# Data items
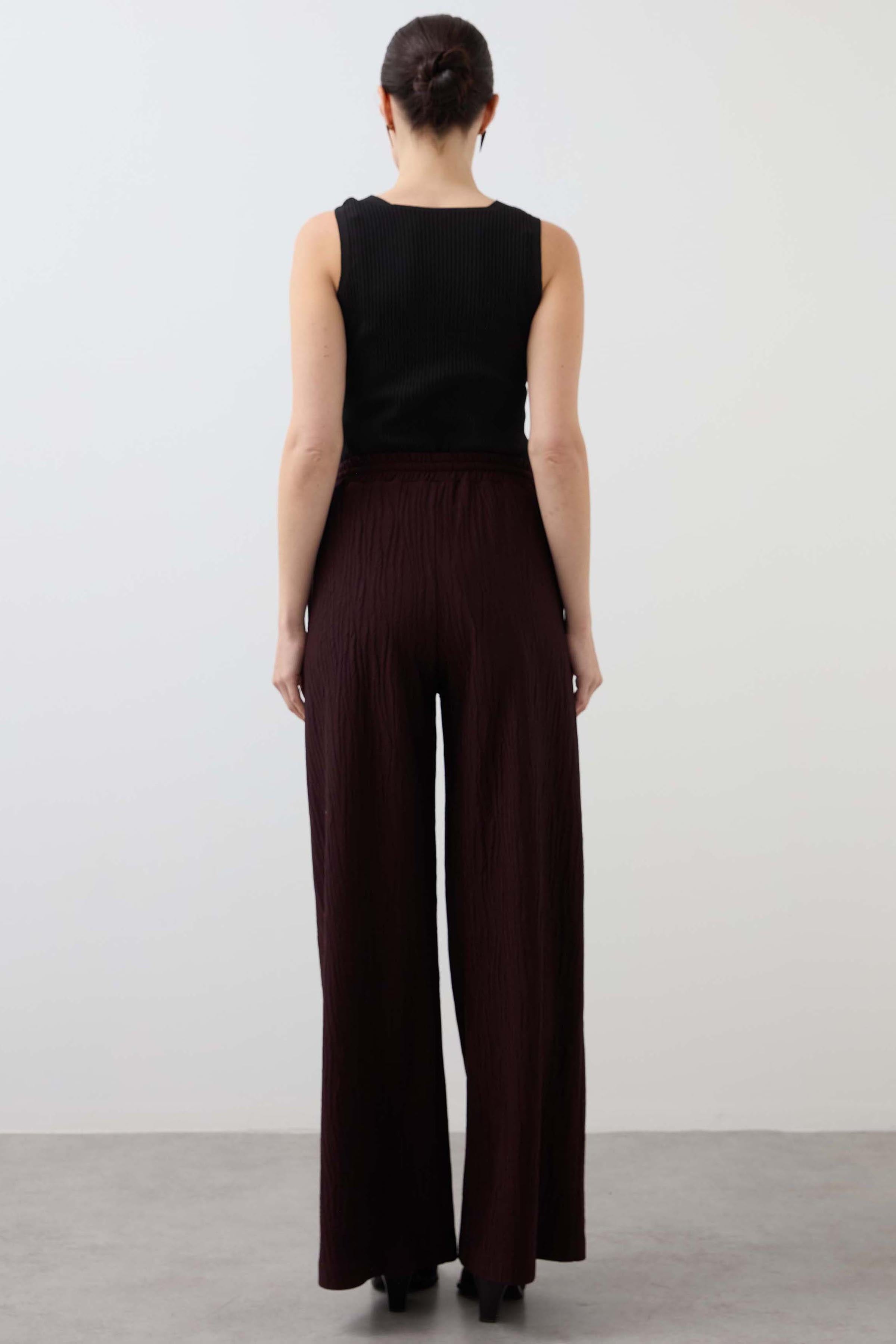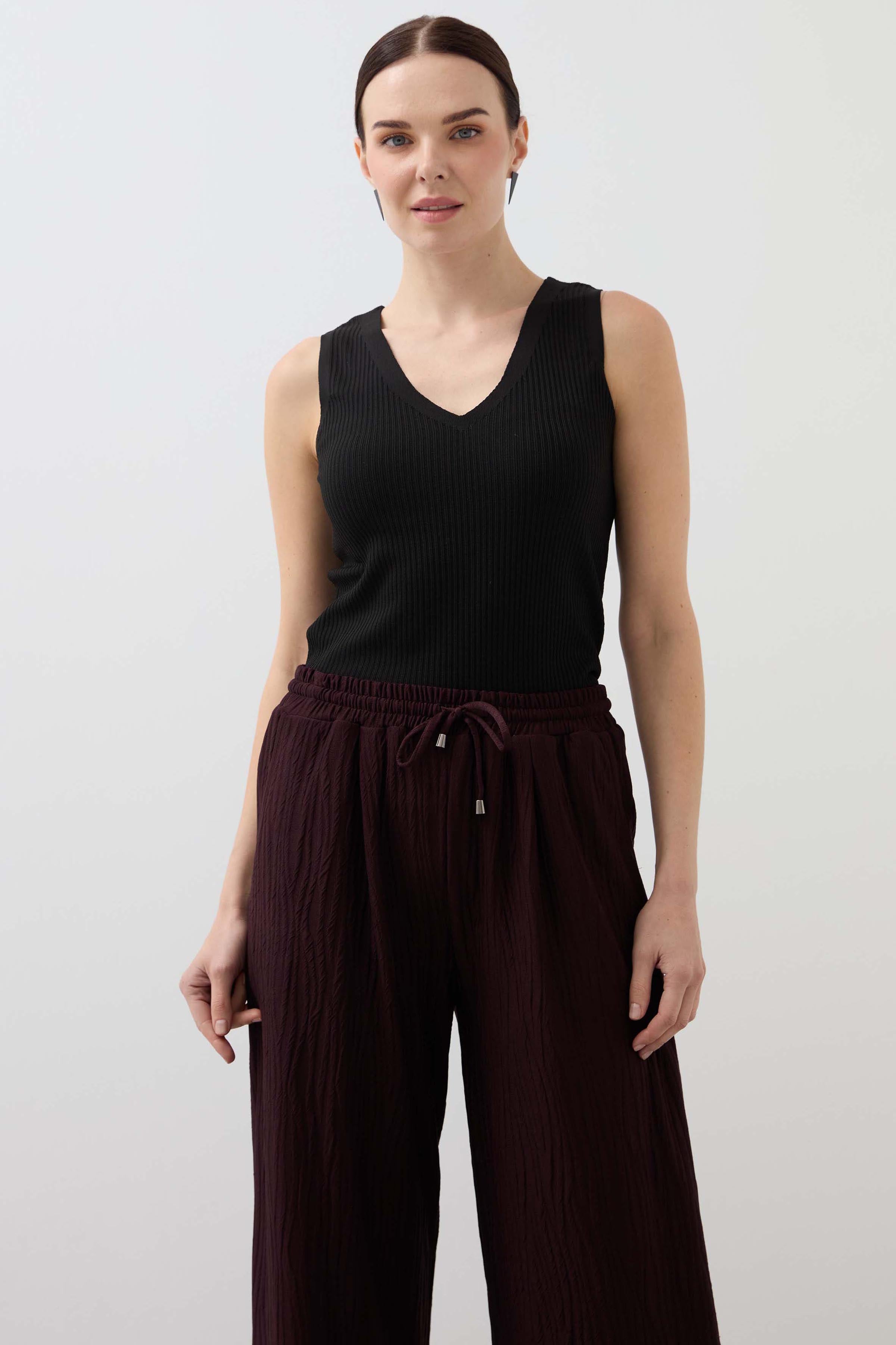 Elastic Waist Knitted Trousers - Burgundy
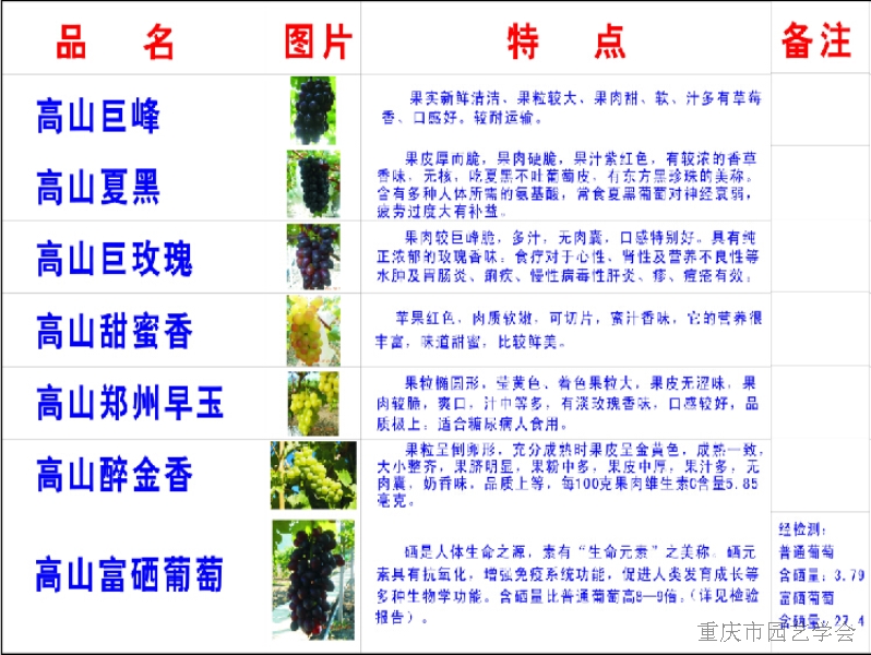 纯天然、无污染的腊梅高山葡萄园,位于重庆市国家级AAAAA景区――神龙峡景区。梅高山葡萄园隶属重庆丛发农业发展有限公司,本公司成立于2013年,位于重庆市南川区南平镇永安村四社,主要经营水果种植及销售、苗木种植及销售、农业观光旅游等,规划占地500亩,投资2000万元打造集采摘水果、休闲观光、旅游为一体的现代化农业园。腊梅高山葡萄园毗邻国家AAAAA景区金佛山,海拔高,一年四季光照充足,昼夜温差大,享受无污染空气,纯净高山泉水。目前已种植200亩巨玫瑰、夏黑、醉金香等高品质葡萄。技术负责人廖腊梅女士从事葡萄种植已十余年,经验丰富,擅长精耕细作,科学的控制产量。为了让你品尝到生态、绿色、优质、安全的葡萄,我们承诺:绝不使用低效高毒残留的农药;坚持使用农家肥、废菌包改良土壤,致力增加土壤中的有机质含量。每年的7月至9月,这里将硕果累累,我们不但为你提供大量优质鲜食葡萄、礼品葡萄及自主进园采摘,另外还长期供应各种优质葡萄苗和葡萄酒。在这里,你将感受南国吐鲁番的别样风情,在你游山玩水的同时享受葡萄美食盛宴。我们将打造重庆第一家“富硒葡萄”。我们的注册商标为“腊梅”葡萄,我们的宗旨是优质、生态、绿色、安全。公司从成立到现在,我们用心血和汗水铺就一片葡萄园胜地,感谢社会各界长期以来对公司扶持和关爱!我们也将营造热情开放、真诚协作、开拓进取的共赢氛围,欢迎各界前来我葡萄园参观、品尝、采摘!
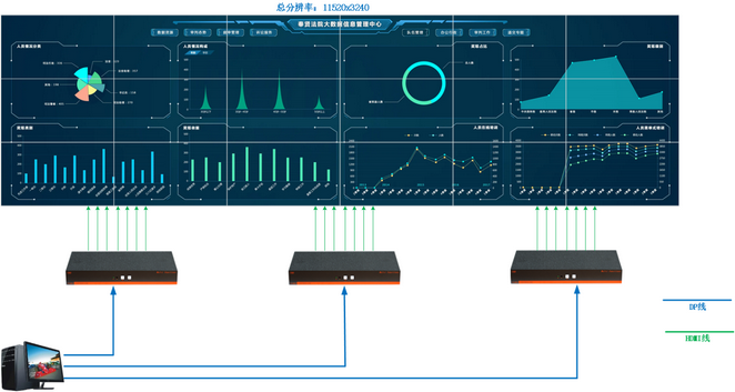 通過多臺(tái)MK-P系列配合多電腦多頭顯卡使用,組建成一套具有超高分辨率的拼接墻,如下3x6拼接墻通過3臺(tái)MK-P6組實(shí)現(xiàn)11520x3240的超大分辨率顯示:
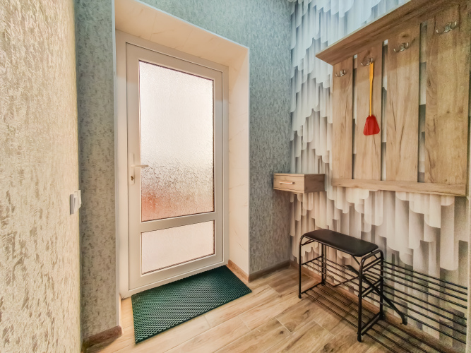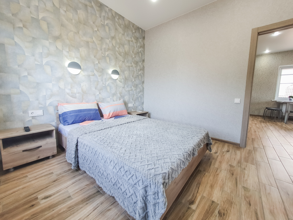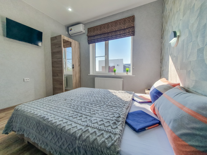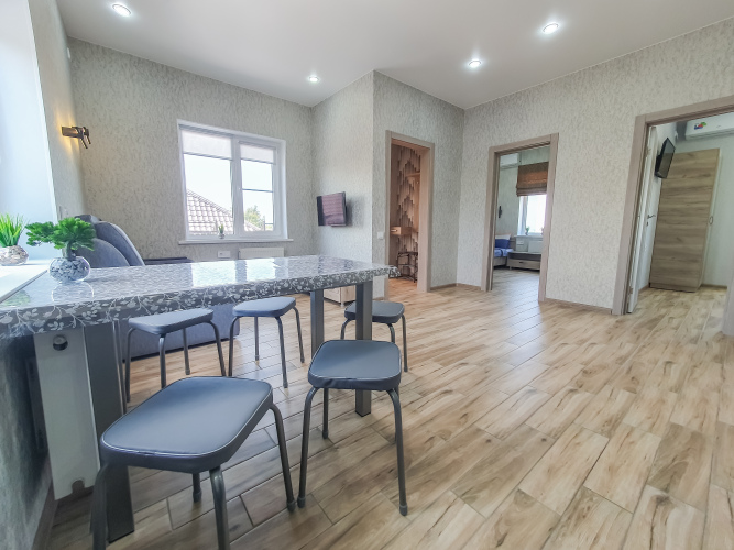 В распоряжении гостей: две отдельные изолированные комнаты, кухня-гостиная, санузел. Установлены двуспальная кровать, две односпальные кровати, а также диван. Сплит-система с функцией озонирования воздуха есть в каждой спальной комнате.
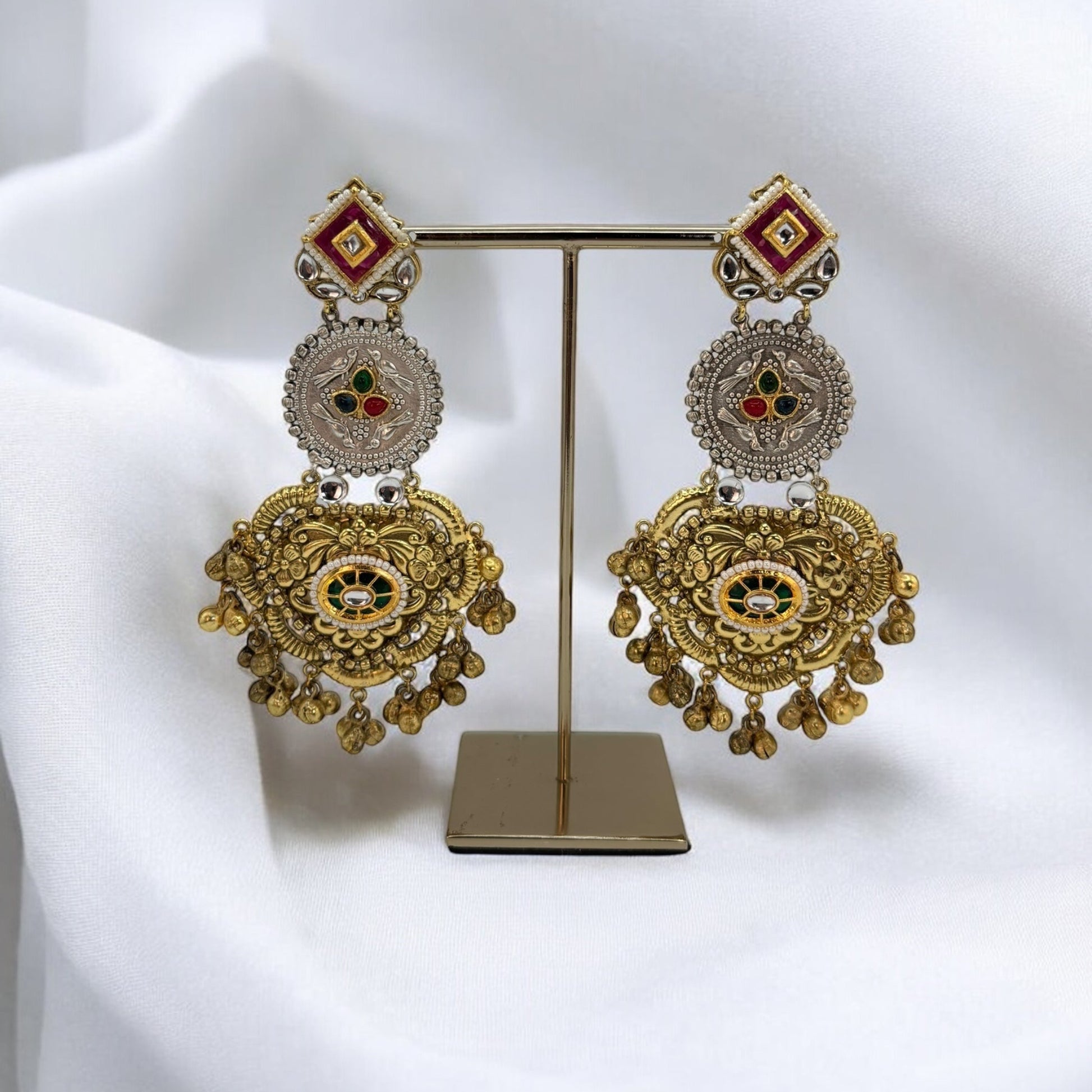 Beautifully carved handmade dual tone pachi kundan jhumki.

# What is expected
Drop the images; copy every entry above exactly.

# Answer to the exercise
 Elastic Waist Knitted Trousers - Burgundy
 纯天然、无污染的腊梅高山葡萄园,位于重庆市国家级AAAAA景区――神龙峡景区。梅高山葡萄园隶属重庆丛发农业发展有限公司,本公司成立于2013年,位于重庆市南川区南平镇永安村四社,主要经营水果种植及销售、苗木种植及销售、农业观光旅游等,规划占地500亩,投资2000万元打造集采摘水果、休闲观光、旅游为一体的现代化农业园。腊梅高山葡萄园毗邻国家AAAAA景区金佛山,海拔高,一年四季光照充足,昼夜温差大,享受无污染空气,纯净高山泉水。目前已种植200亩巨玫瑰、夏黑、醉金香等高品质葡萄。技术负责人廖腊梅女士从事葡萄种植已十余年,经验丰富,擅长精耕细作,科学的控制产量。为了让你品尝到生态、绿色、优质、安全的葡萄,我们承诺:绝不使用低效高毒残留的农药;坚持使用农家肥、废菌包改良土壤,致力增加土壤中的有机质含量。每年的7月至9月,这里将硕果累累,我们不但为你提供大量优质鲜食葡萄、礼品葡萄及自主进园采摘,另外还长期供应各种优质葡萄苗和葡萄酒。在这里,你将感受南国吐鲁番的别样风情,在你游山玩水的同时享受葡萄美食盛宴。我们将打造重庆第一家“富硒葡萄”。我们的注册商标为“腊梅”葡萄,我们的宗旨是优质、生态、绿色、安全。公司从成立到现在,我们用心血和汗水铺就一片葡萄园胜地,感谢社会各界长期以来对公司扶持和关爱!我们也将营造热情开放、真诚协作、开拓进取的共赢氛围,欢迎各界前来我葡萄园参观、品尝、采摘!
 通過多臺(tái)MK-P系列配合多電腦多頭顯卡使用,組建成一套具有超高分辨率的拼接墻,如下3x6拼接墻通過3臺(tái)MK-P6組實(shí)現(xiàn)11520x3240的超大分辨率顯示:
 В распоряжении гостей: две отдельные изолированные комнаты, кухня-гостиная, санузел. Установлены двуспальная кровать, две односпальные кровати, а также диван. Сплит-система с функцией озонирования воздуха есть в каждой спальной комнате.
 Beautifully carved handmade dual tone pachi kundan jhumki.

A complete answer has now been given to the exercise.